Activity. Output each line of the data below exactly, omitting any image.

Records from a dataset
= = = = = = =

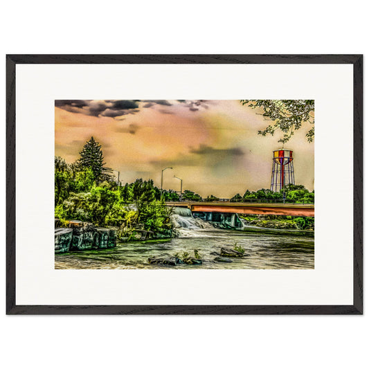 Water Tower & the Snake River; Idaho Falls, Idaho Premium Wooden Framed Print With Museum-Quality Matte Paper
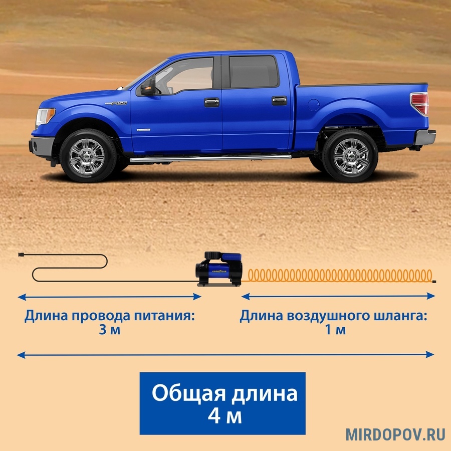 Цифровой компрессор Goodyear может беспрерывно работать в течение 30 минут. Встроенный LED-фонарь позволяет продолжать работу даже в условиях недостаточной освещенности.
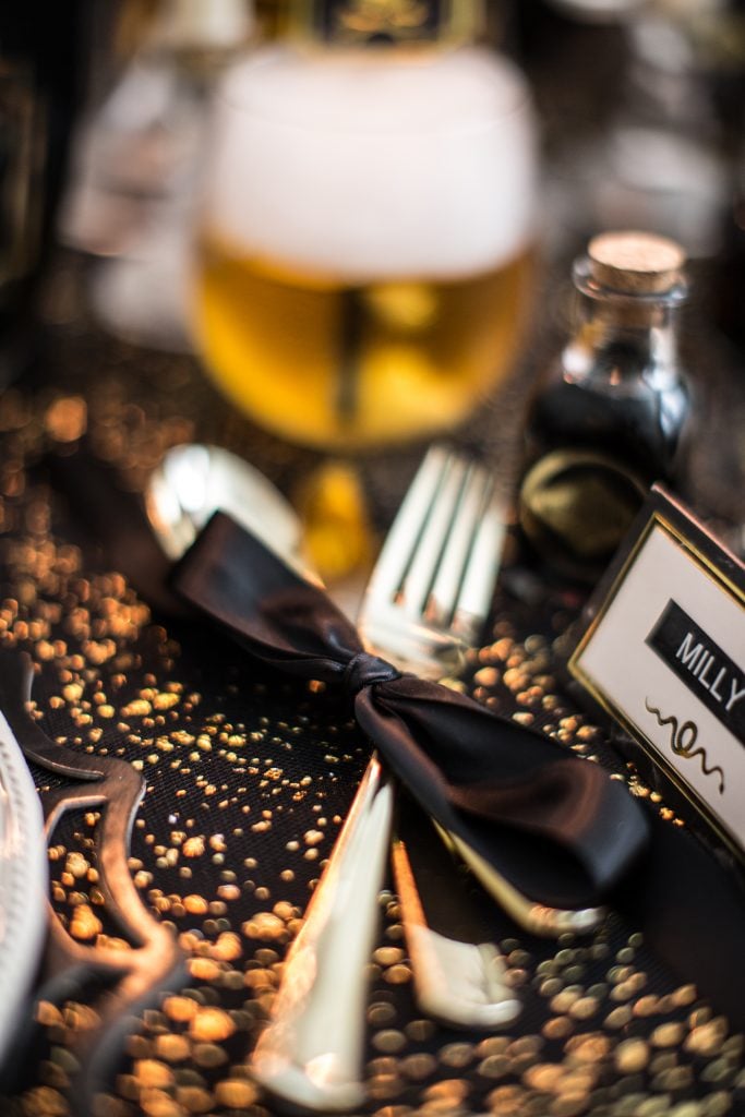 I also tied up plastic goldware in black stain ribbon for each place setting. Such and easy DIY for you to do for your own table and it helps keeps things nice and tidy.
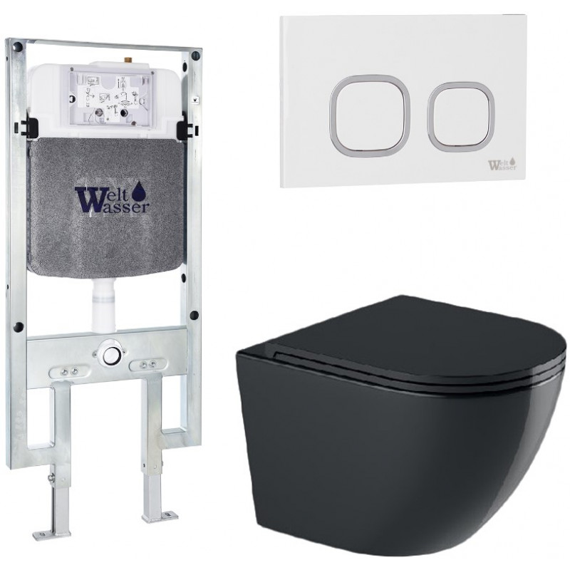 Подвесной унитаз с инсталляцией WeltWasser Amberg 497 ST / Merzbach 041 XL MT-BL / Amberg RD-WT 10000010941 черный матовый
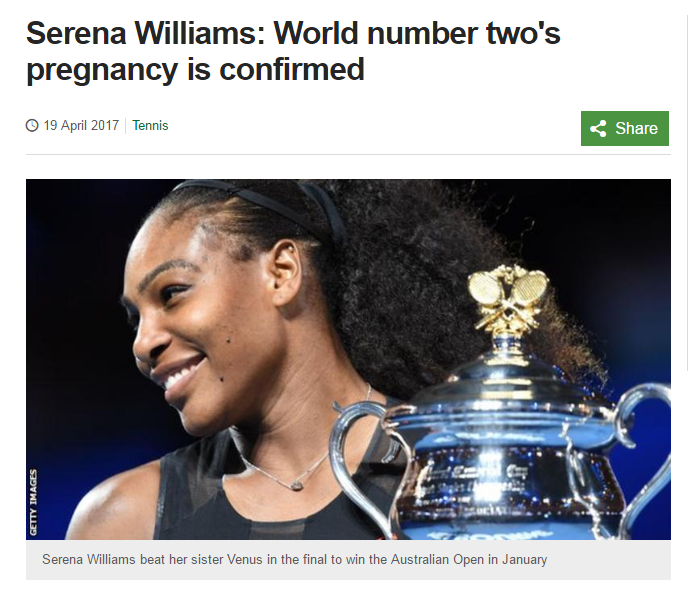北京时间4月19日晚间,35岁的小威廉姆斯在个人社交平台宣布自己已经怀孕20周,这一爆炸性消息立即疯传网络,但过了一个小时之后,小威自己删掉了帖子。据《BBC》透露,小威的经纪人确认,在下周就将重返女单世界第一宝座的小威,目前已经怀孕,其预产期在今年秋天。
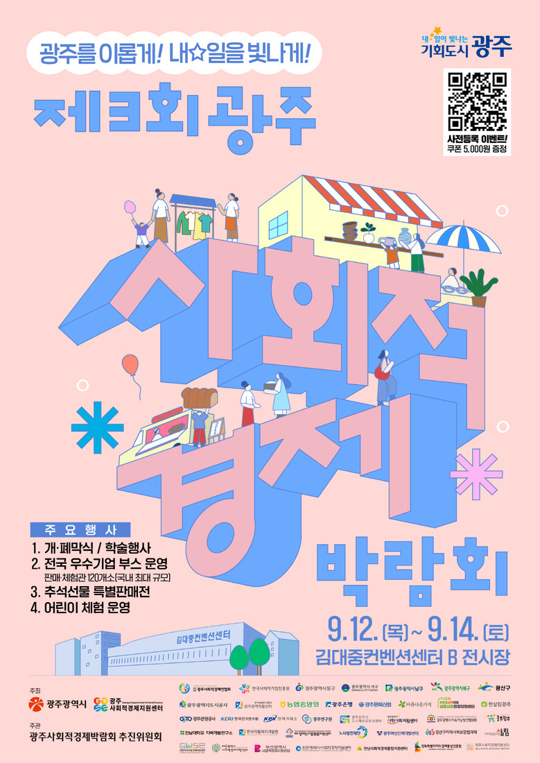 사전 이벤트로 오는 11일까지 광주사회적경제지원센터 누리집(https://gjsec.kr)을 통해 박람회 홍보이벤트를 진행한다. 사전 등록한 선착순 500명에게 박람회장에서 사용할 수 있는 5000원 쿠폰이 제공된다. 또 사회적경제기업 제품을 5만원 이상 구매하면 현장에서 사용할 수 있는 5000원 쿠폰을 현장에서 증정하는 이벤트도 열린다.

= = = = = = =

Task answer.
 Water Tower & the Snake River; Idaho Falls, Idaho Premium Wooden Framed Print With Museum-Quality Matte Paper
 Цифровой компрессор Goodyear может беспрерывно работать в течение 30 минут. Встроенный LED-фонарь позволяет продолжать работу даже в условиях недостаточной освещенности.
 I also tied up plastic goldware in black stain ribbon for each place setting. Such and easy DIY for you to do for your own table and it helps keeps things nice and tidy.
 Подвесной унитаз с инсталляцией WeltWasser Amberg 497 ST / Merzbach 041 XL MT-BL / Amberg RD-WT 10000010941 черный матовый
北京时间4月19日晚间,35岁的小威廉姆斯在个人社交平台宣布自己已经怀孕20周,这一爆炸性消息立即疯传网络,但过了一个小时之后,小威自己删掉了帖子。据《BBC》透露,小威的经纪人确认,在下周就将重返女单世界第一宝座的小威,目前已经怀孕,其预产期在今年秋天。
 사전 이벤트로 오는 11일까지 광주사회적경제지원센터 누리집(https://gjsec.kr)을 통해 박람회 홍보이벤트를 진행한다. 사전 등록한 선착순 500명에게 박람회장에서 사용할 수 있는 5000원 쿠폰이 제공된다. 또 사회적경제기업 제품을 5만원 이상 구매하면 현장에서 사용할 수 있는 5000원 쿠폰을 현장에서 증정하는 이벤트도 열린다.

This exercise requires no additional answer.